Co-primary outcomes were the measurement of vaginal squeeze force by a perineometer and the measurement of musculus levator ani defects by ultrasound (LUG) [262728293031].
Secondary outcomes were questionnaire (POPD-6 and UDI-6) results, Pelvic Organ Prolapse Quantification (POP-Q) measurements, a digital survey of pelvic floor muscle strength, and serum zinc concentrations. These were performed immediately following delivery and at 6 weeks after delivery.
The POPDI-6 and UDI-6 were used to assess subjective pelvic floor symptoms [32]. To specify the severity of pelvic floor distress symptoms, patient response options ranged from 0 (“no symptoms”) to 4 (“quite a bit”). To calculate the score, the mean score of answered items within each component was multiplied by 25 to obtain the scale score (range 0–100).
For statistical analyses, we used SigmaStat/SPSS software. Descriptive statistics were calculated for all variables of interest. Means and standard deviations (SDs) were calculated for continuous outcomes. Frequency and percentage were calculated for categorical outcomes. Student's t-test was used to compare the mean values between the 2 groups. Paired t-test was used to compare paired data, which were obtained at baseline and at 6 weeks (zinc levels, questionnaires). Frequencies were analyzed by Fisher's exact test. This study had adequate power to detect a difference after 46 patients' enrollment. Power analysis was performed based on our pilot study, which revealed that the threshold for a weak pelvic floor muscle is ≤17 cm H2O as measured by our perineometer. To have a power of 80% and a significance level of 5% to detect a 40% difference in the rate of weak vaginal squeeze pressure, a sample size of 46 patients was required, with 23 patients in each arm of our randomized clinical trial (RCT). Statistical significance was defined as a P-value <0.05 using 2-tailed tests.
Fig. 1 summarizes the assessment for eligibility, randomization, allocation, and exclusions of participants. Of the 113 women screened, 66 met entry criteria and were randomized to treatment or control groups. Fifty-three women completed the trial. Of the 47 participants who were excluded, 10 did not meet inclusion criteria, and 37 decided not to participate in the trial. Thirty-four women were randomly assigned to the control group and 32 to the treatment group.

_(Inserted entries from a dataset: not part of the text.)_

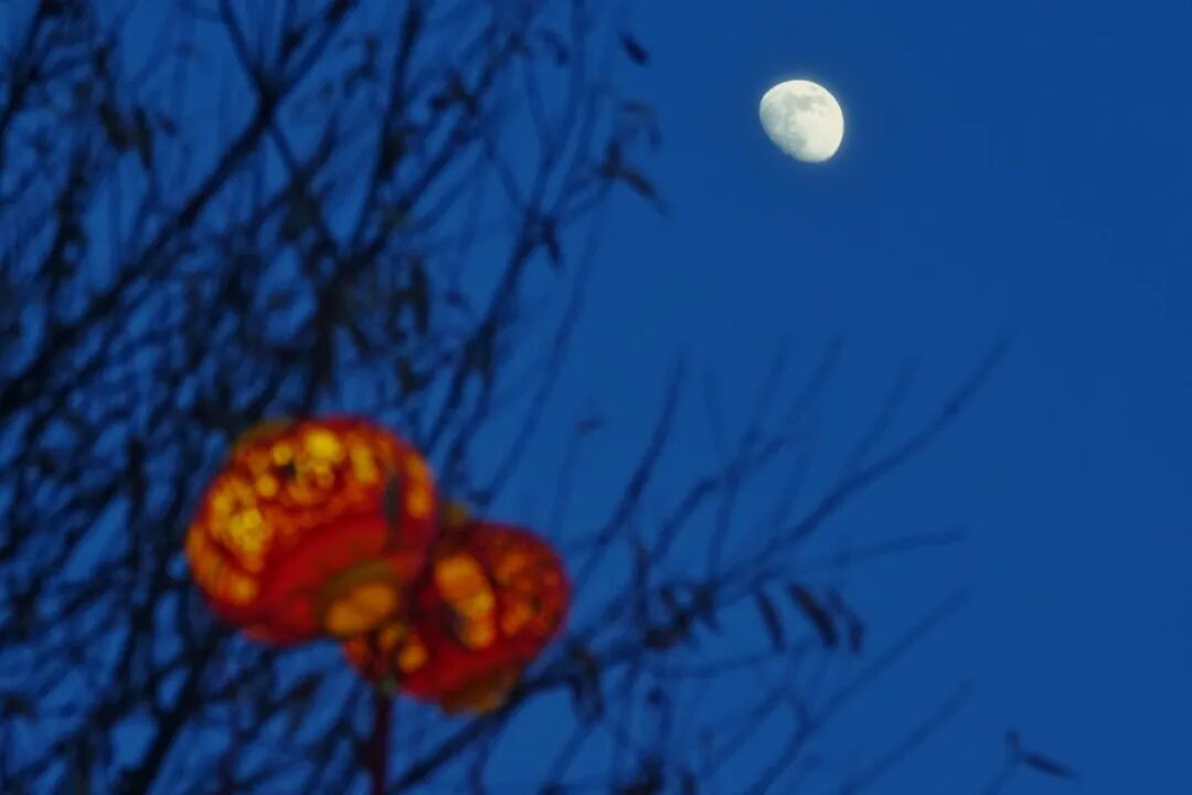 灯笼与月亮相映成趣 图源:新华社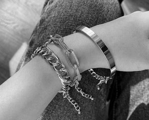 Paprasta sidabrinė arba auksinė apyrankė su mazgu. Nors dizainas yra paprastas, apyrankė atrodo labai originaliai ir daro įspūdį. Puikiai dera su oficialiais drabužiais ir yra mažas, bet charakteringas aksesuaras. Pagaminta iš juvelyrinio metalo, apyrankė yra universalaus dydžio ir gali būti lengvai pritaikyta bet kuriai moters rankai. Ji neturi alergenų, todėl tinka jautriems žmonėms. Nepaisant žemos kainos, apyrankė pagaminta su dideliu kruopštumu ir dėmesiu detalėms.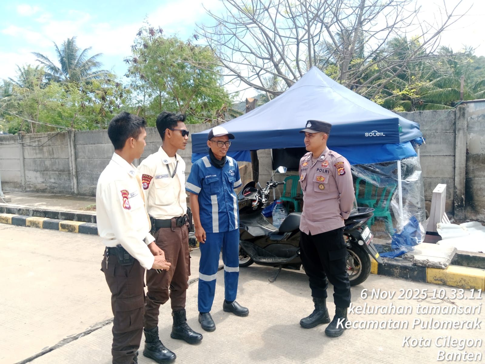 Kapolres Cilegon Polda Banten AKBP Martua Raja Taripar Laut Silitonga Melalui Kapolsek Kskp Polres Cilegon Polda Banten AKP Gusti Almasri P mengatakan Bhabinkamtimbmas Polsek Kskp Rutin menyambangi anggota Scurity dan memberikan himbauan agar para anggota Scurity bisa melaksanakan tugas menjaga keamanan di Kawasan Pelabuhan Merak.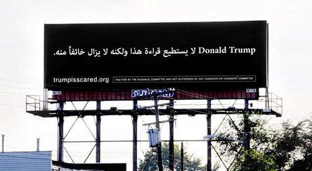 في بادرة غير مسبوقة، نشرت حملة أميركية لافتة باللغة العربية على الطريق السريع لولاية ميشغان، لأجل التهكم على المرشح الجمهوري للرئاسة الأميركية، دونالد ترامب.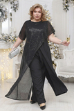 Костюм на мою не стандартную фигуру сел отлично. Брала для похода на юбилей, мерила на работе и колеги единогласно проголосовали за этот вариант, хотя были еще варианты выбора. Ткань прияная к телу, брюки на резинке, кчество ткани и пошива хорошие. Взяла на размер больше, чем ношу, но у меня не стандарт в фигуре. Обязательно надо мерить. Если понравилось, берите, рекомендую.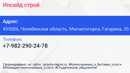 Инсайд строй по адресу 455026, Челябинская область, Магнитогорск, Гагарина, 35 в дальнейшем Организация, размещена в следующих категориях: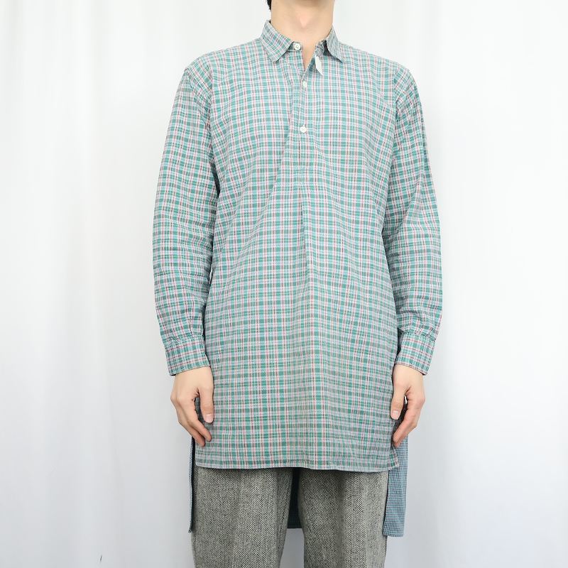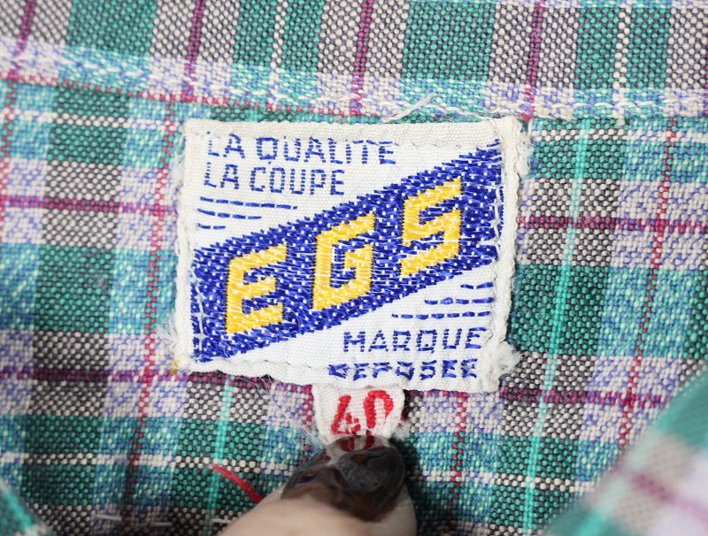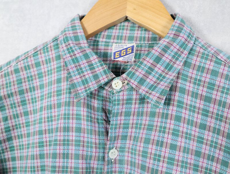 60's〜 EGS チェック柄 カスタム コットングランパシャツ SIZE40 [163873]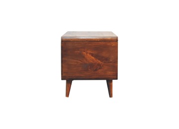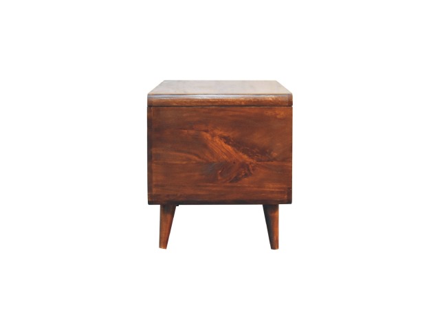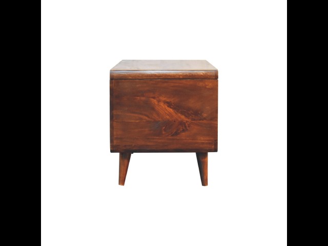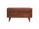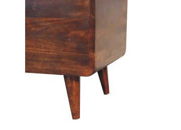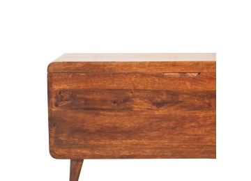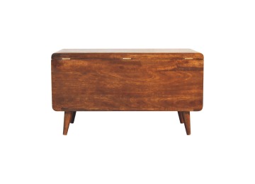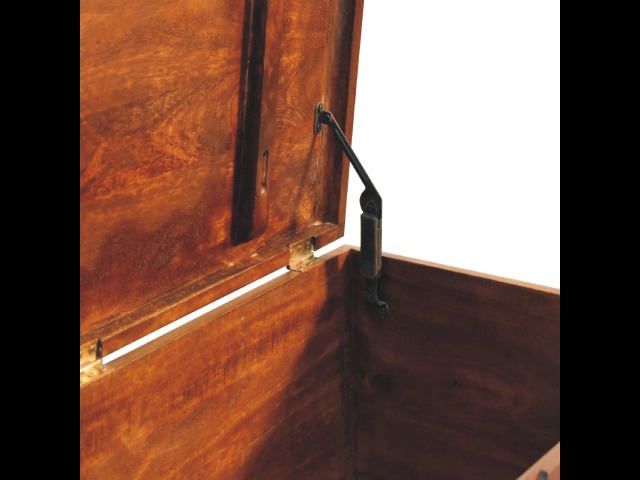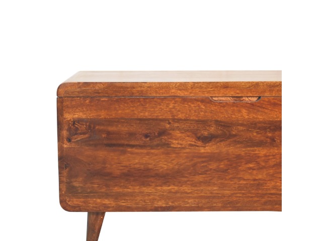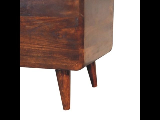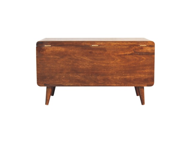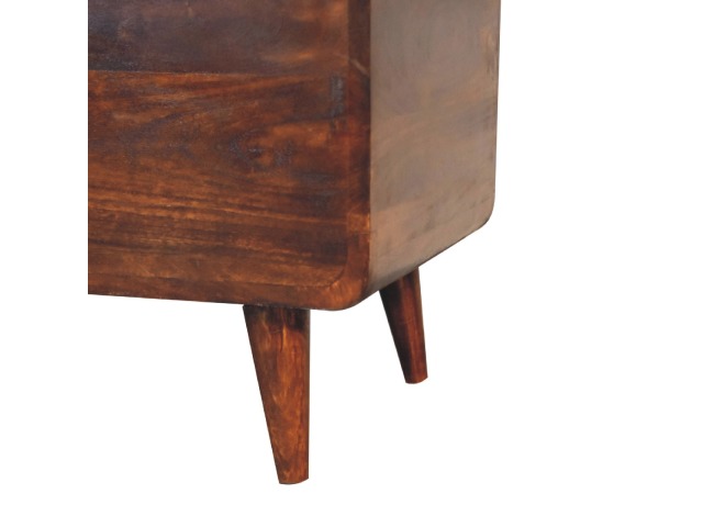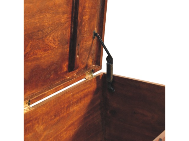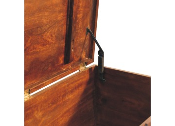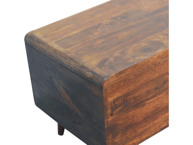 This curved blanket box is crafted from solid mango wood with a chestnut finish. Its spacious interior effortlessly holds blankets and keepsakes, preserving room tidiness. Versatile in function, it complements various decor styles and can even serve as extra seating or a display surface. Embrace the enduring charm and simple design that this blanket box brings, adding both aesthetic appeal and organization to your living space.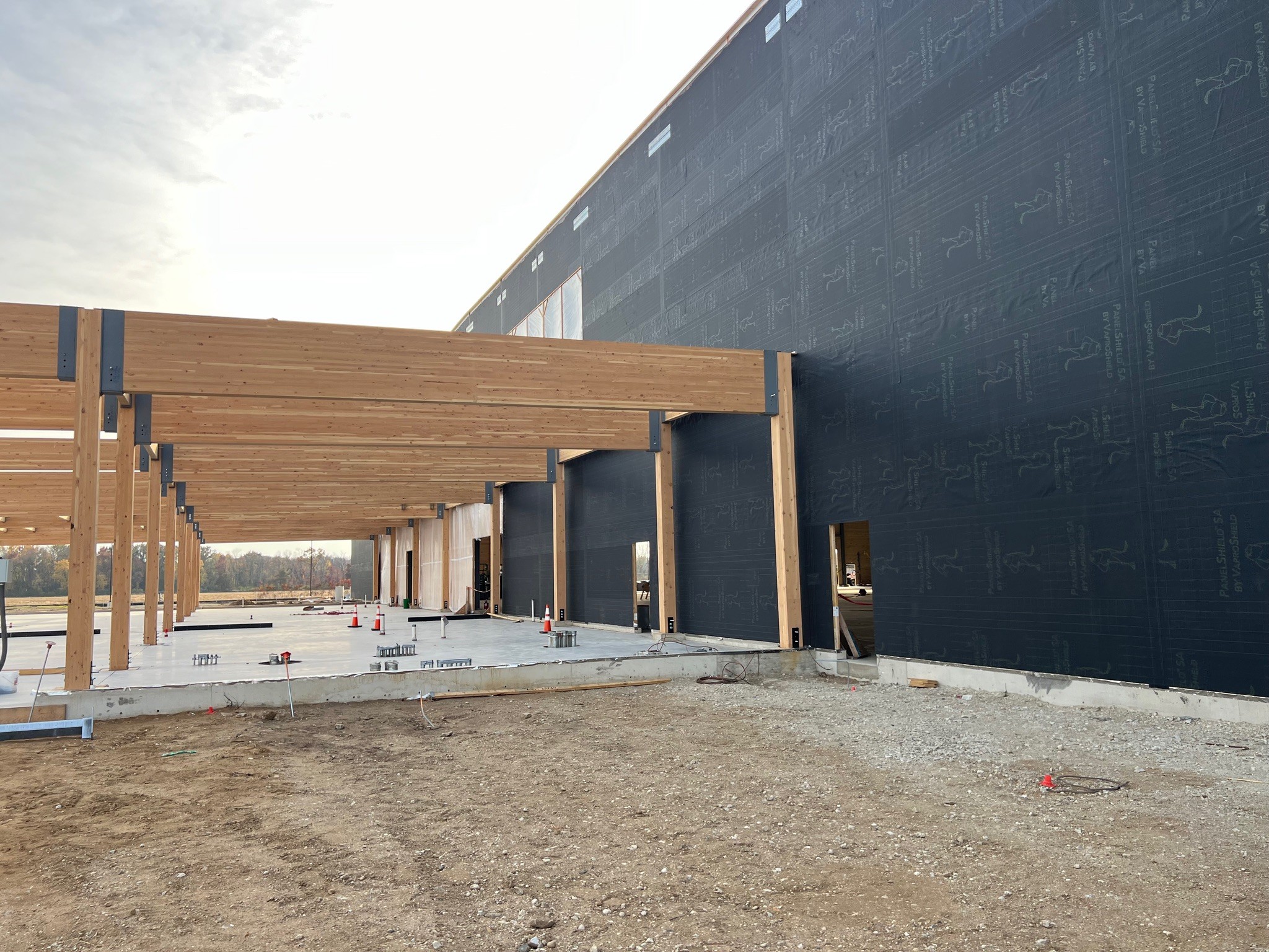 The Amazon DII5 delivery station features a mass timber structure including glulam beams and cross-laminated timber panels, creating a low-carbon, sustainable facility. Over 75,000 sq.ft. of PanelShield SA was installed on the mass timber walls to provide a fully adhered, vapor-permeable air barrier. An additional 60,000 sq.ft. of SlopeShield Plus SA was installed on the awnings of the facility.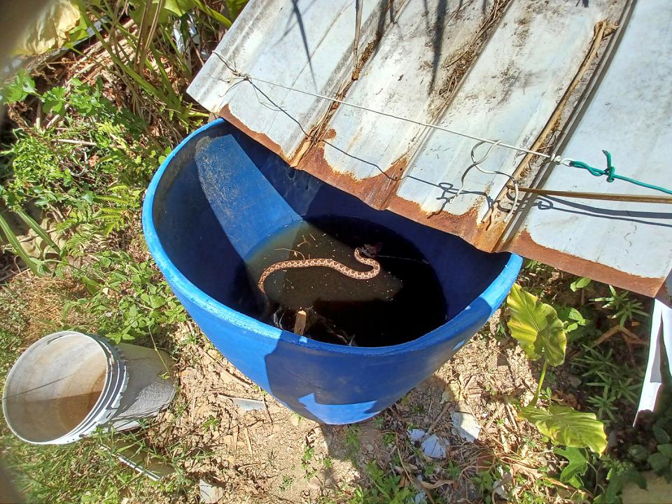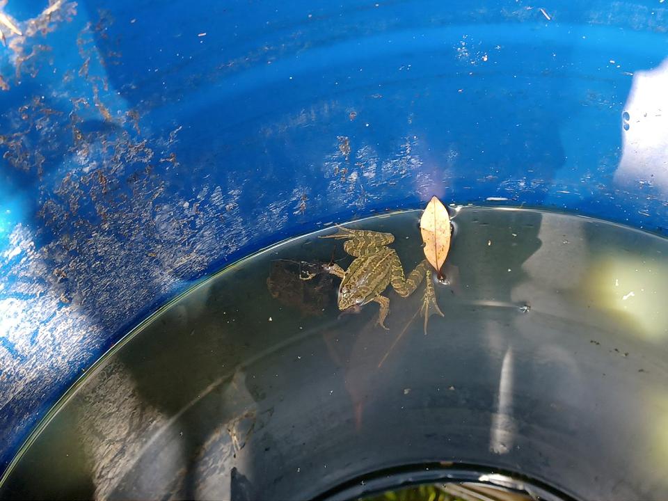 其他蓄水桶中發現有青蛙,懷疑龜殼花捕食過程中不慎受困。翻攝新北市政府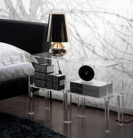 Un petit cube carré supporté par quatre pieds, réalisé en plastique et disponible en version entièrement transparente, colorée ou mate utilisable à l’intérieur.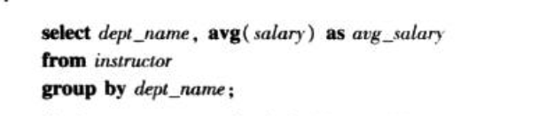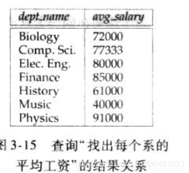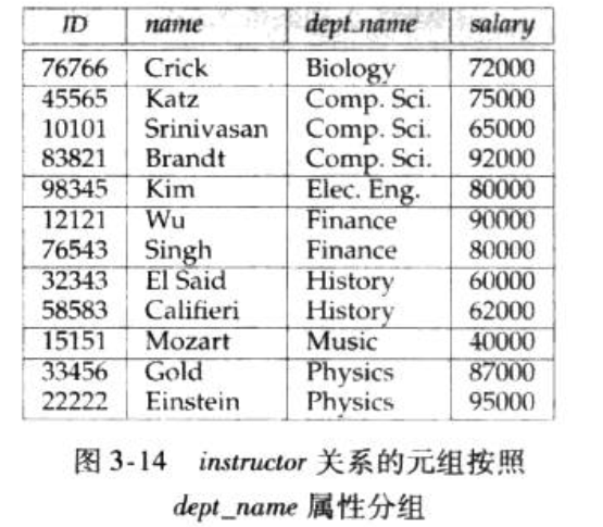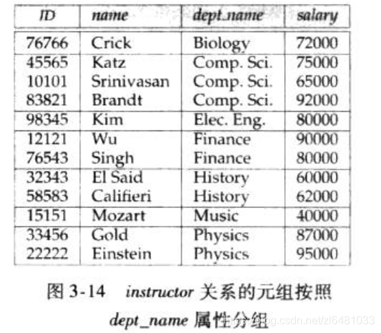 上面的语句会先根据dept_name属性进行分组的情况,分组是计算查询结果的第一步,然后在每个分组上进行指定的聚集计算。如下图,是先分组之后的结果。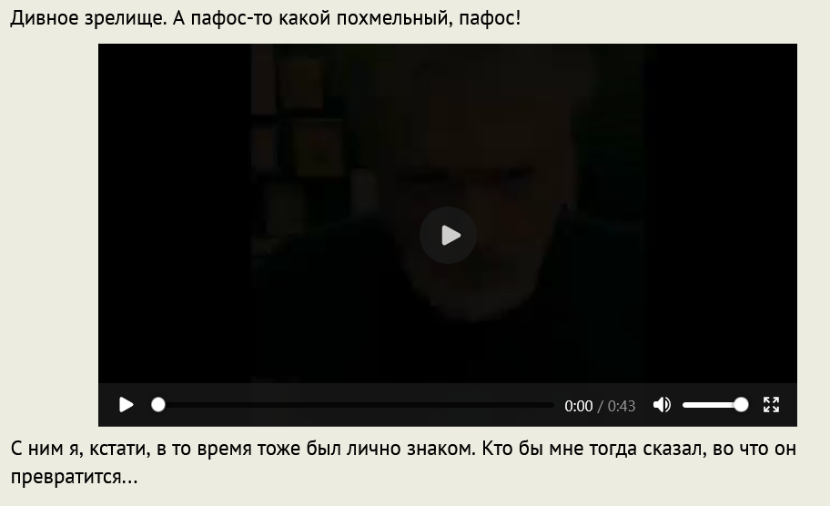 Дивное зрелище. А пафос-то какой похмельный, пафос!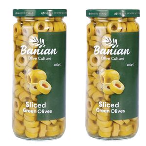 زیتون سبز اسلایس بانیان - 460 گرم بسته 2 عددی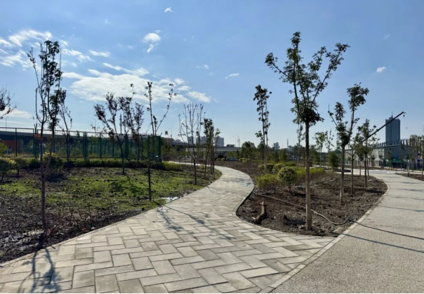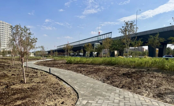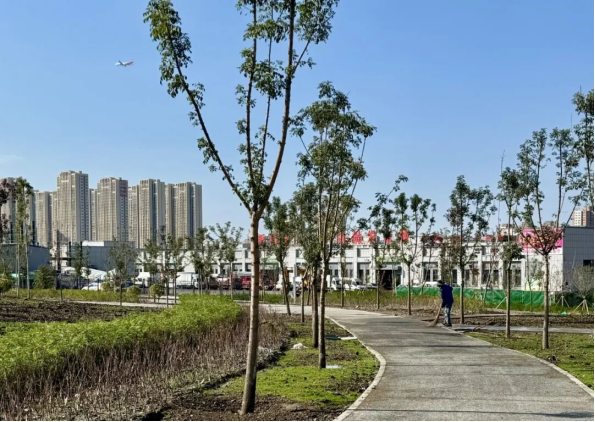 目前工程已完成土方换填、场地铺装和公共服务建筑主体结构,累计栽植乔木4000余株、灌木20余万株,铺设草皮超过10万平方米。现阶段正全面推进喷淋系统、中水管道、照明、休息座凳等附属设施安装与精细化施工。

Of the 32 individuals randomly assigned to treatment group, 5 did not complete the trial: 2 were lost to follow-up, 3 withdrew from participation because of minor adverse events (1 woman developed a rash, 1 woman could not swallow pills, and 1 mother felt that her infant's vomiting was related to the supplement). Of the 34 women randomized to the control group, 8 did not complete the trial: 4 were lost to follow-up, 2 withdrew consent before taking any supplements, 1 developed a minor adverse event (rash), and 1 refused any examination at the follow-up visit. In total, 53 women completed the trial: 26 in the control group and 27 in the treatment group.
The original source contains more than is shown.